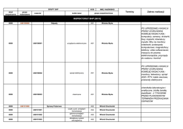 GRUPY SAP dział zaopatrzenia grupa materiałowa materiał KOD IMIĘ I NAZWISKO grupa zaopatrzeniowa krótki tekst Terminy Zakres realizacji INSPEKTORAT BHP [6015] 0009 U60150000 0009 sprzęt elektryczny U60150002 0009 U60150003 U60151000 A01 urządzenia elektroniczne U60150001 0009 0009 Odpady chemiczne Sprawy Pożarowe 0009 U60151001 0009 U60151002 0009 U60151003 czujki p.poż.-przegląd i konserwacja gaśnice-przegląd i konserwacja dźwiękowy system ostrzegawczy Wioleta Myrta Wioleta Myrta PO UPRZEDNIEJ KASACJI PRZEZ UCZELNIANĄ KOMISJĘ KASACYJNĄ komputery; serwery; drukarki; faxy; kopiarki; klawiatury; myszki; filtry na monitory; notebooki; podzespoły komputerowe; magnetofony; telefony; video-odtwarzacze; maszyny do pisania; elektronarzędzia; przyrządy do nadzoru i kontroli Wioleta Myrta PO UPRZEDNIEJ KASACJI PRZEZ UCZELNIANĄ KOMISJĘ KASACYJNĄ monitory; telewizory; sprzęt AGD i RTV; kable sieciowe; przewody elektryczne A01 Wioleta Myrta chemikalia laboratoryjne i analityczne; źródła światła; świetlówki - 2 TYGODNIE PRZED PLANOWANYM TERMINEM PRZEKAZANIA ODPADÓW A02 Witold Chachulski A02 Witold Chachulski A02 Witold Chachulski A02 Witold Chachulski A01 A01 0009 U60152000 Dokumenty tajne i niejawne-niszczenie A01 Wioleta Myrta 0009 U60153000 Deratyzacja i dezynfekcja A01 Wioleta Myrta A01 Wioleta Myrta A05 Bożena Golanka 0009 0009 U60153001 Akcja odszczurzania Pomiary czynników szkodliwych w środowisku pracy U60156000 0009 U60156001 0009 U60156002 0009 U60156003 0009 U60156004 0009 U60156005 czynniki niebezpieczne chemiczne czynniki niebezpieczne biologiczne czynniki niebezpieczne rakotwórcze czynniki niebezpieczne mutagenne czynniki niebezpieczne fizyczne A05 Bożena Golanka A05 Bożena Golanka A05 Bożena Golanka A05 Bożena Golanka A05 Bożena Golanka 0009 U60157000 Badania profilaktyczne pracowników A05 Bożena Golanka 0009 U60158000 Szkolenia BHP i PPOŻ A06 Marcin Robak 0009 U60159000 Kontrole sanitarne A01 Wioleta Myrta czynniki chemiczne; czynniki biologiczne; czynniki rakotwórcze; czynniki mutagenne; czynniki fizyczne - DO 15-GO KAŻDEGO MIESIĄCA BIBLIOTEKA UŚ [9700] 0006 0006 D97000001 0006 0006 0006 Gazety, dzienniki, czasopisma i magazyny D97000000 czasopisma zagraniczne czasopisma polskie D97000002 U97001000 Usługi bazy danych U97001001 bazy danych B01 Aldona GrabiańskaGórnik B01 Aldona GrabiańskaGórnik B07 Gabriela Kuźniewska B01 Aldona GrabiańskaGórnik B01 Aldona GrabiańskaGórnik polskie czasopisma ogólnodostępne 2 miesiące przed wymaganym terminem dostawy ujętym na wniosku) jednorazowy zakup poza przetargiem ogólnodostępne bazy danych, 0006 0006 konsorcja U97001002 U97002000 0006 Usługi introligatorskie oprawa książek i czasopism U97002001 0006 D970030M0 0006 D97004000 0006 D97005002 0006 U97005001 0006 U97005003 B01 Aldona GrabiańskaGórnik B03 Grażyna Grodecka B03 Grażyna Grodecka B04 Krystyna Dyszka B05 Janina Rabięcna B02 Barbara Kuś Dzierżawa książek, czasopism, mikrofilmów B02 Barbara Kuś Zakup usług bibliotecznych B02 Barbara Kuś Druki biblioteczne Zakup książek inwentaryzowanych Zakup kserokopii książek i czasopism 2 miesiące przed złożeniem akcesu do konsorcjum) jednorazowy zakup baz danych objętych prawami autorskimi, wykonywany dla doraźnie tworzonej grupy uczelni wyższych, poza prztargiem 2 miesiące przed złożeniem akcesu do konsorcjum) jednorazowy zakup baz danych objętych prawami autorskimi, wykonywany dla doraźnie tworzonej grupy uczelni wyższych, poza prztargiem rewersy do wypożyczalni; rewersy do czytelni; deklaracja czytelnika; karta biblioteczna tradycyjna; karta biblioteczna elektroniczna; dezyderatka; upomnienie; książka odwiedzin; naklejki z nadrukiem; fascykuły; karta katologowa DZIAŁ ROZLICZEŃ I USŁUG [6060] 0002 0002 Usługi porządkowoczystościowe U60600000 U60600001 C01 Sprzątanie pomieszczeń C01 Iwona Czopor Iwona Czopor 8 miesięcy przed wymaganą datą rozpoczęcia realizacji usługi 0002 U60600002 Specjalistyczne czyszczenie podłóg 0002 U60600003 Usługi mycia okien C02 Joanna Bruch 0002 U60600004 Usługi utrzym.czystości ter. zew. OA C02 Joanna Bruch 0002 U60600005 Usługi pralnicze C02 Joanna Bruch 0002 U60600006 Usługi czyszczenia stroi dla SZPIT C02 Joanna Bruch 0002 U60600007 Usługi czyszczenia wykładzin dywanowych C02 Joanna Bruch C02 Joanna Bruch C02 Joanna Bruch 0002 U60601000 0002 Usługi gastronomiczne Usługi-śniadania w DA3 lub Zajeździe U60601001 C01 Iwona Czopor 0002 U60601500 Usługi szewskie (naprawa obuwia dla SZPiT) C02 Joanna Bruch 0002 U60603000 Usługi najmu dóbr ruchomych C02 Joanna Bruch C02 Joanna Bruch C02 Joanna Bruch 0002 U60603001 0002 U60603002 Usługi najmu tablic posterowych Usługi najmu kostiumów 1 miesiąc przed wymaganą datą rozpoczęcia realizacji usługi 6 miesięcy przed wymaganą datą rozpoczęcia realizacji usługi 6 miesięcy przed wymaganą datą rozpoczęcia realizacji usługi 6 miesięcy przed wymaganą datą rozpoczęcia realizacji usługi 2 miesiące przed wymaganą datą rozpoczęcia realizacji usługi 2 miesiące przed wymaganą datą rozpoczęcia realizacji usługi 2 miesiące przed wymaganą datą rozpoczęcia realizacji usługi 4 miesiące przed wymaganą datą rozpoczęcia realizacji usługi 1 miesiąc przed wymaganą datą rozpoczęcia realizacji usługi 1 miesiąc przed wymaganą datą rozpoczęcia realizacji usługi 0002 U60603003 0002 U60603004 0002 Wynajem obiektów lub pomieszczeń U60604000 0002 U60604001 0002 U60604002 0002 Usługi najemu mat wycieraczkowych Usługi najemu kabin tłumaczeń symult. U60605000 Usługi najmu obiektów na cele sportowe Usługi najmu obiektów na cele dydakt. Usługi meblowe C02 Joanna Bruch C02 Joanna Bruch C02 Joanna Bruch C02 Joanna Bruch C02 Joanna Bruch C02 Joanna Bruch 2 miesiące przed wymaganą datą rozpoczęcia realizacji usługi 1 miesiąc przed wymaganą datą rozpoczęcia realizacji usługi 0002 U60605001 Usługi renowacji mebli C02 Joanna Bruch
* * *
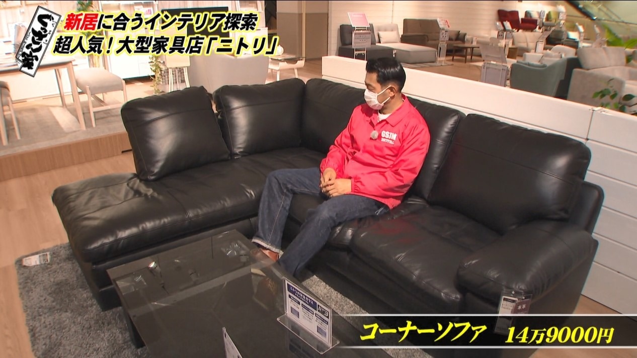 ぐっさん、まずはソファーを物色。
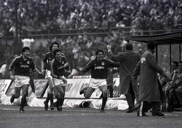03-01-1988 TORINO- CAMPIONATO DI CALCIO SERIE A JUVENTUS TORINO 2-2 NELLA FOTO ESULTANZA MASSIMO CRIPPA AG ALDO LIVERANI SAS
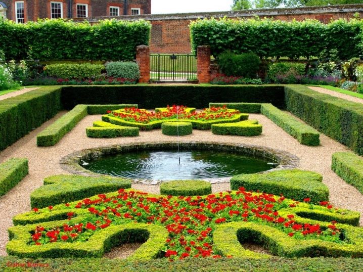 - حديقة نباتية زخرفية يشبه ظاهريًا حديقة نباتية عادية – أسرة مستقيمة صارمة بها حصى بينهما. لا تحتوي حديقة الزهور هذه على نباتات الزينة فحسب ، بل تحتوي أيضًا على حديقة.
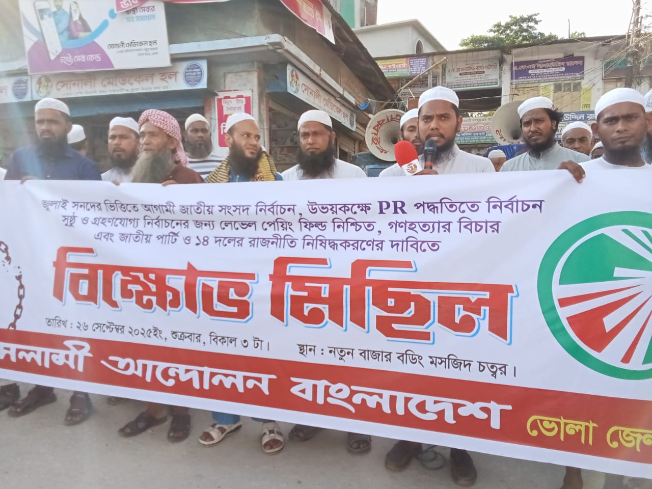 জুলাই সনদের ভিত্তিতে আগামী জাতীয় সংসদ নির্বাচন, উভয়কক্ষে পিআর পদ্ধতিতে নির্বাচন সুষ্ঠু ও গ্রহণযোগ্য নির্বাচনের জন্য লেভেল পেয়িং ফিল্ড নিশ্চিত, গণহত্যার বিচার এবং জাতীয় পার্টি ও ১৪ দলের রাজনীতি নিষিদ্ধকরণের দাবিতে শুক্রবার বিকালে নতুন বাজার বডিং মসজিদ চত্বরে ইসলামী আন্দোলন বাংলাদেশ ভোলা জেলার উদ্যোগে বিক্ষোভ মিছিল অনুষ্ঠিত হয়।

Work required -
The line holding "- حديقة نباتية" starts the copy and the line holding "জুলাই সনদের ভিত্তিতে" ends it. Repeat those two lines above and all between them exactly, leaving out pictures.

Output below -
 - حديقة نباتية زخرفية يشبه ظاهريًا حديقة نباتية عادية – أسرة مستقيمة صارمة بها حصى بينهما. لا تحتوي حديقة الزهور هذه على نباتات الزينة فحسب ، بل تحتوي أيضًا على حديقة.
 জুলাই সনদের ভিত্তিতে আগামী জাতীয় সংসদ নির্বাচন, উভয়কক্ষে পিআর পদ্ধতিতে নির্বাচন সুষ্ঠু ও গ্রহণযোগ্য নির্বাচনের জন্য লেভেল পেয়িং ফিল্ড নিশ্চিত, গণহত্যার বিচার এবং জাতীয় পার্টি ও ১৪ দলের রাজনীতি নিষিদ্ধকরণের দাবিতে শুক্রবার বিকালে নতুন বাজার বডিং মসজিদ চত্বরে ইসলামী আন্দোলন বাংলাদেশ ভোলা জেলার উদ্যোগে বিক্ষোভ মিছিল অনুষ্ঠিত হয়।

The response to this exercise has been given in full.